Top Five Tuesday — Top Five Things About A Texas Weekend

I don’t ride horses, wear cowboy hats, hunt deer, or eat barbecue brisket.

But I am Texan.

It’s hard to understand if you’re not from there, but if you are you know what I mean: it’s always home.

So I was excited to travel there this past weekend with my 18 year old son Riley in order to look at two prospective colleges, the University of Texas and SMU. We flew to Austin, stayed with family, visited the University of Texas, drove to Dallas, toured SMU and attended the SMU-TCU game, hurried back to Austin for the UT-UCLA game on Saturday before catching a flight home on Sunday.

I hit the Wall about midday on Saturday. But it was all worth it.

Here are the top five things about this Texas weekend:

5. Extended time with Riley. A dad would be a fool to take that for granted.

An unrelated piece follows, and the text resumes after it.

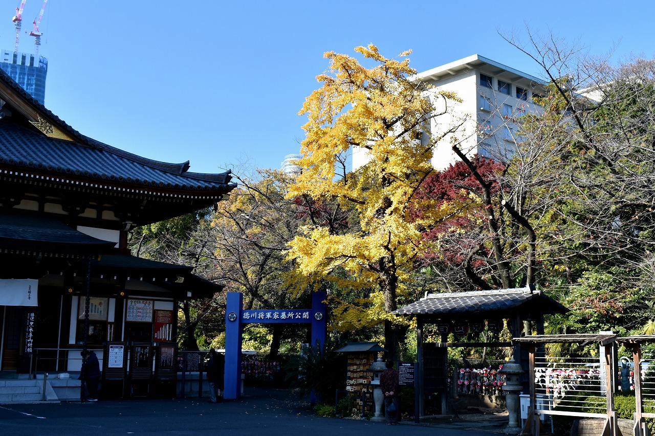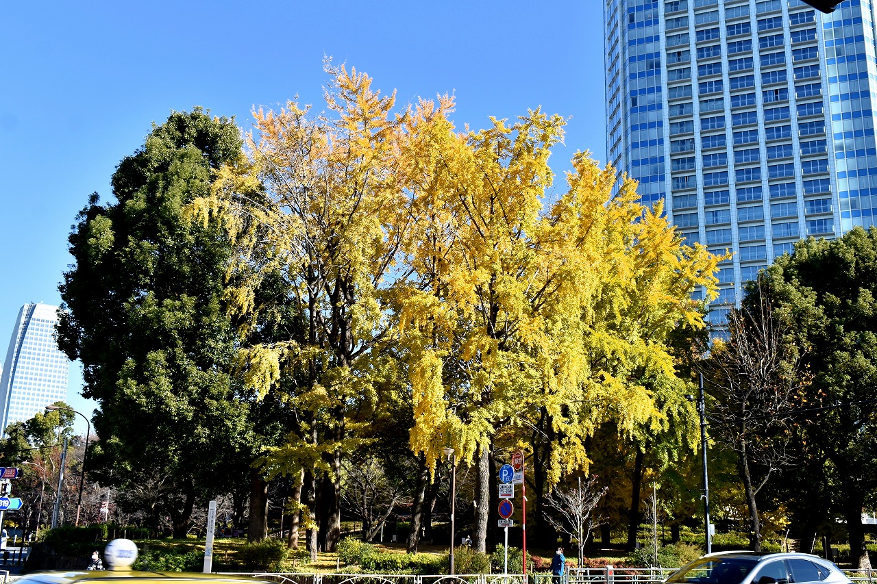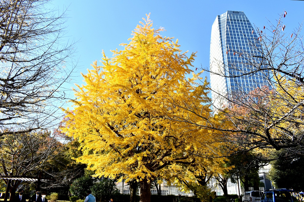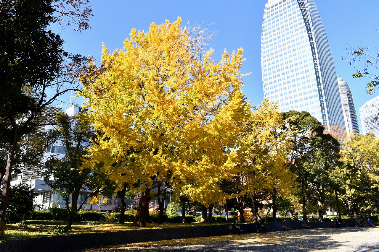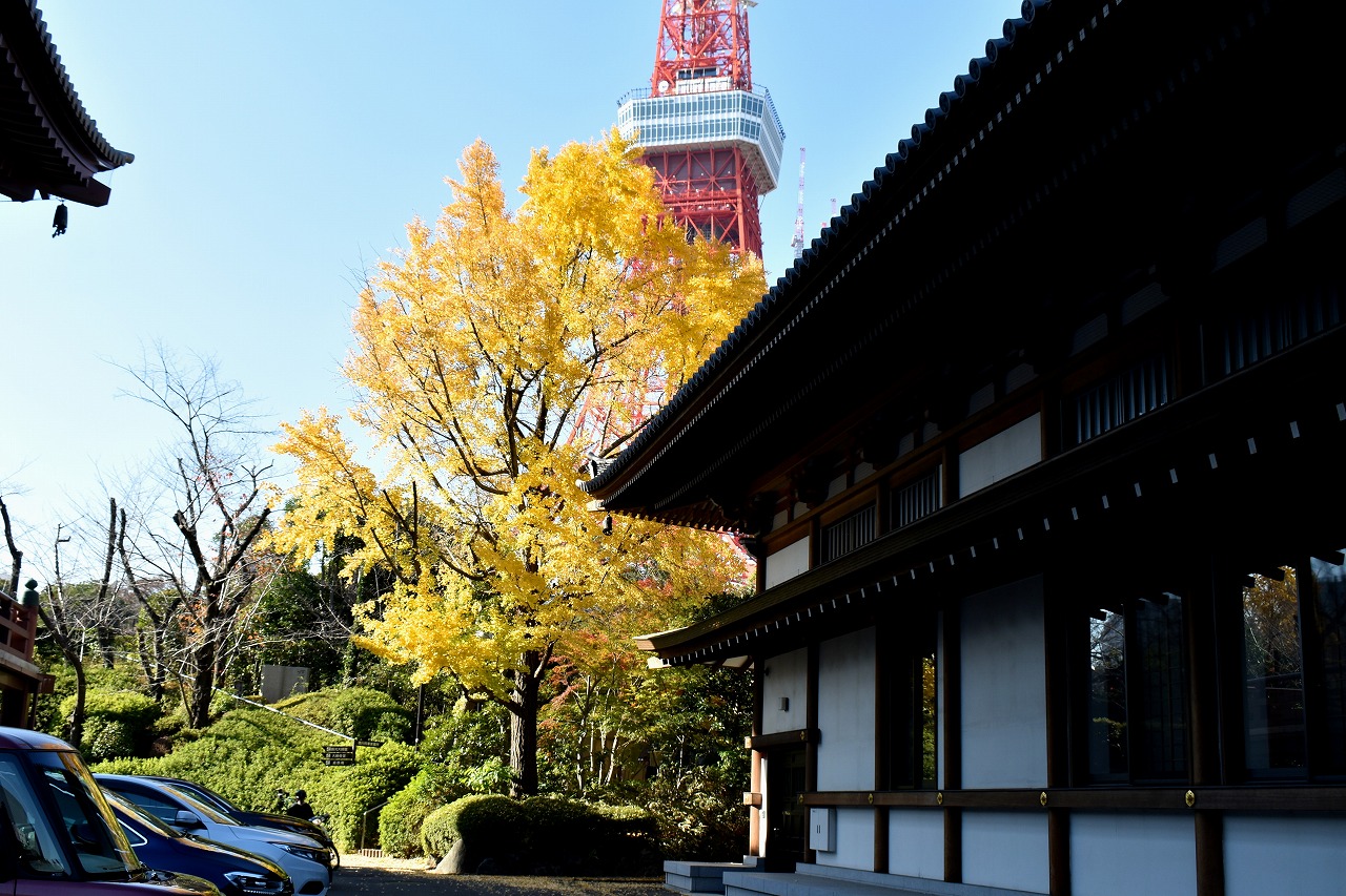 「一言」芝公園の大きなイチョウの木が黄葉して綺麗になっています。イチョウの葉が透けるような黄色になり華やかです。 旧芝離宮の紅葉も進んでいます。十月桜が満開になっています。鴨やサギが池に飛んできています。 増上寺の紅葉が綺麗です。本堂の前や裏、増上寺会館にあるモミジが真っ赤に紅葉しています。

4. T-shirts for sale in Dallas that said: “Keep Dallas Normal.” Here’s the background on that one. For years, much of Austin has been a land that held on to the 60s as hard as it could. Sort of the Haight-Ashbury of the southwest. Its semi-official slogan — seen on shirts and bumper stickers everywhere — is “Keep Austin Weird.” They’ve succeeded. Dallas’ new shirts are its impassioned plea to stay far from the Austin vibe. They’re succeeding as well.

3. Taking a picture of the house I grew up in. The block that seemed so long and imposing as a six year old now seems small and manageable.

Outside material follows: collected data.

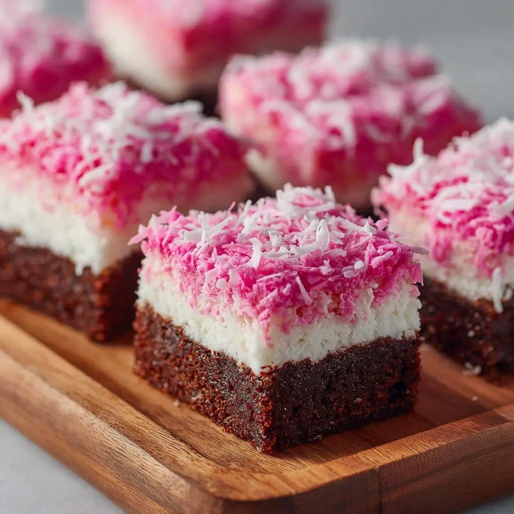 - Serve: Once set, cut the bars into bite‑size pieces if desired. They’re best served chilled or at room temperature. The pink hue and coconut crunch make them a show‑stopper at any gathering. I dare you to taste this and not go back for seconds.
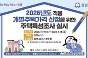 경기헤드뉴스 권준형 기자 | 성남시는 내년 1월 16일까지 단독·다가구·상가주택을 대상으로 ‘2026년 1월 1일 기준 개별주택가격 산정’을 위한 주택특성조사를 실시한다. 이번 조사는 총 2만8970호(수정구 1만5829호, 중원구 7754호, 분당구 5387호)를 대상으로 진행된다. 정확한 주택특성 파악을 위해 조사요원은 건축물관리대장, 토지대장 등 행정정보를 사전에 확인한 뒤 현장을 방문해 △토지 형상 △방위 △도로 접면 상태 등 토지특성과 △주택 이용 상황 △건물구조 △지붕 형태 △증·개축 여부 등 건물 특성을 조사할 예정이다. 조사 완료 후에는 결과를 반영해 개별주택가격을 산정하고, 한국부동산원의 검증을 거쳐 주택 소유자와 이해 관계인에게 열람 기회를 제공한다. 이후 의견 제출 절차와 부동산가격공시위원회 심의를 통해 내년 4월 30일 개별주택가격을 최종 결정·공시할 예정이다. 성남시 관계자는 “개별주택가격은 국세·지방세, 건강보험료 등 각종 공적 업무의 기초자료로 활용되는 중요한 지표”라며 “정확한 조사를 위해 조사요원의 현장 방문이 필수적인 만큼 시민 여러분의 적극적인 협조를 부탁드린다
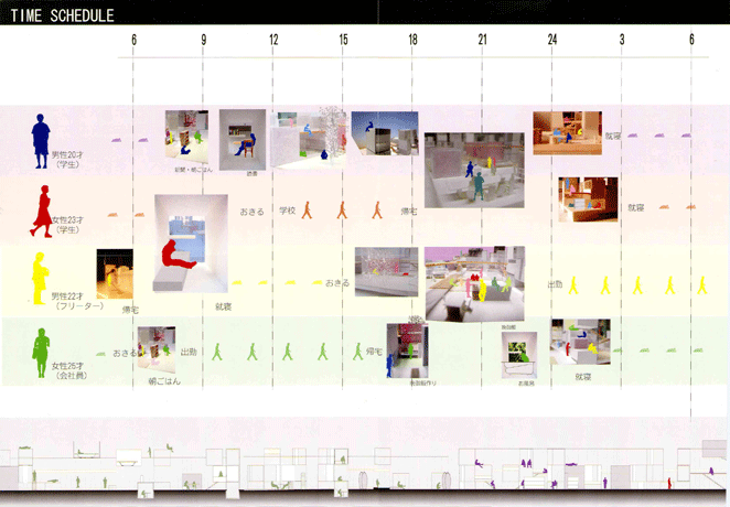 そのような空堀を敷地とし、一人暮らしの人が住む集合住宅で、自分専用の場は最小限にし生活を共有する場として様々な大きさの場所や機能を持つ空間を提案した。そこでは共有の場にも人それぞれの趣味や生活スタイルがにじみ出し、気の合う仲間を見つけたり、お気に入りの場所を見つけて様々な行為を行うことができる。
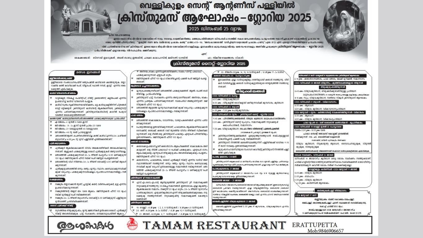 വെള്ളികുളം:വെള്ളികുളം സെൻ്റ് ആൻ്റണീസ് പള്ളിയിൽ ക്രിസ്തുമസ് – ഗ്ലോറിയ 2025 വിപുലമായി ആഘോഷിക്കും. 24 തീയതി വെളുപ്പിന് 11.45 am ന് ആഘോഷമായ ക്രിസ്തുമസ് തിരുക്കർമ്മങ്ങൾ,പാട്ടു കുർബാന, സന്ദേശം, ഫാ.സ്കറിയ വേകത്താനം, കേക്ക് വിതരണം
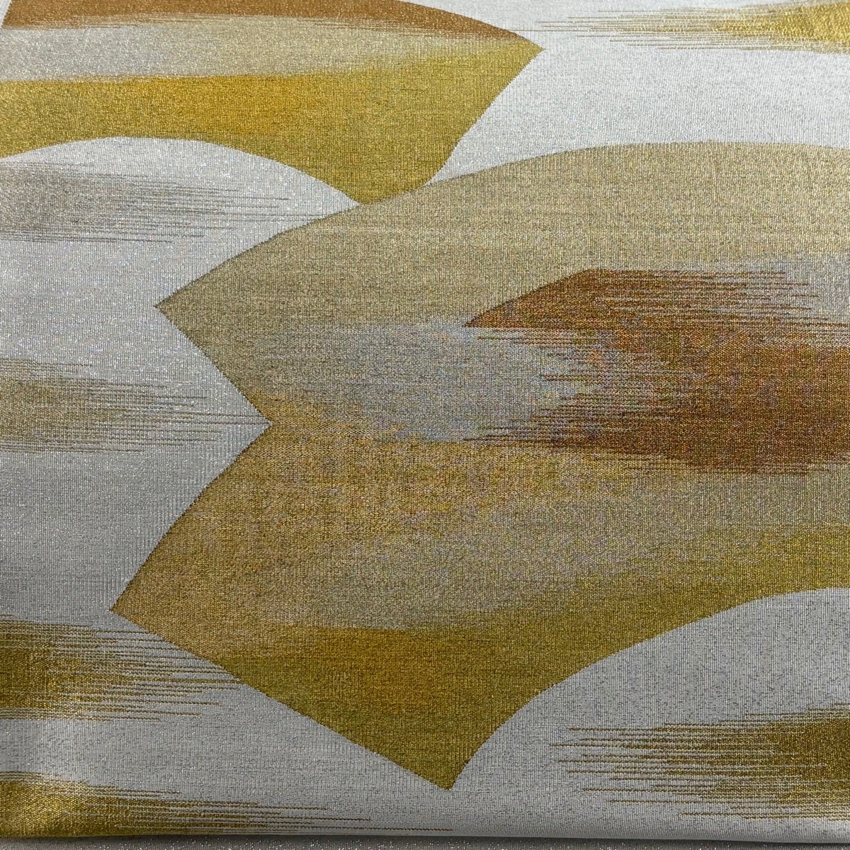 30%OFF 【美品】 袋帯 名品 縞 幾何学 金糸 灰白 全通 正絹 K30
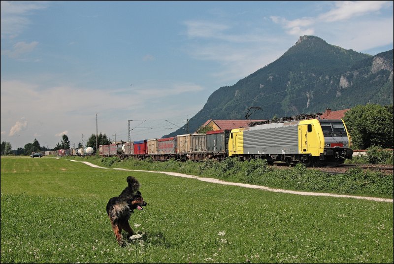 Während die E189 912RT (9480 6 189 912-9) einen KLV-Zug Richtung Kufstein brachte, rannte mir dieser Hund ins Bild;-)

2. UT-UCLA on Saturday. It’s the kind of spectacle you have to experience to understand. 101,000 people in Darrell Royal stadium, 95,000 of whom wore burnt orange t-shirts. The bands were loud, the fans rabid, and the food forgettable.

And when it became apparent that UCLA was going to pull off the upset — they did so in dominating fashion, 34-12 — I went through some secret delight. Because the last time I’d been in that stadium was as a six year old boy, desperately longing for visiting SMU to knock off the favored Longhorns. They didn’t (38-14, I think)and I was devastated. Revenge was delayed, indirect, but still sweet . . .

1. . . . which explains my top moment, the time at SMU. My dad was on the law faculty there for from 1947-1977 and much of our lives centered on the school. That campus is still gorgeous. The people are still enthusiastic. And the football team still lost — though they played TCU tough, leading briefly in the second half. Seeing Riley wear one of the shirts with this logo on it

is one of those moments you have to be a Davis to appreciate.

So where will Riley end up at college? We don’t know . . . but probably closer to our Carolinas home than either of the schools in Texas.

But every once in awhile you can in fact go home again.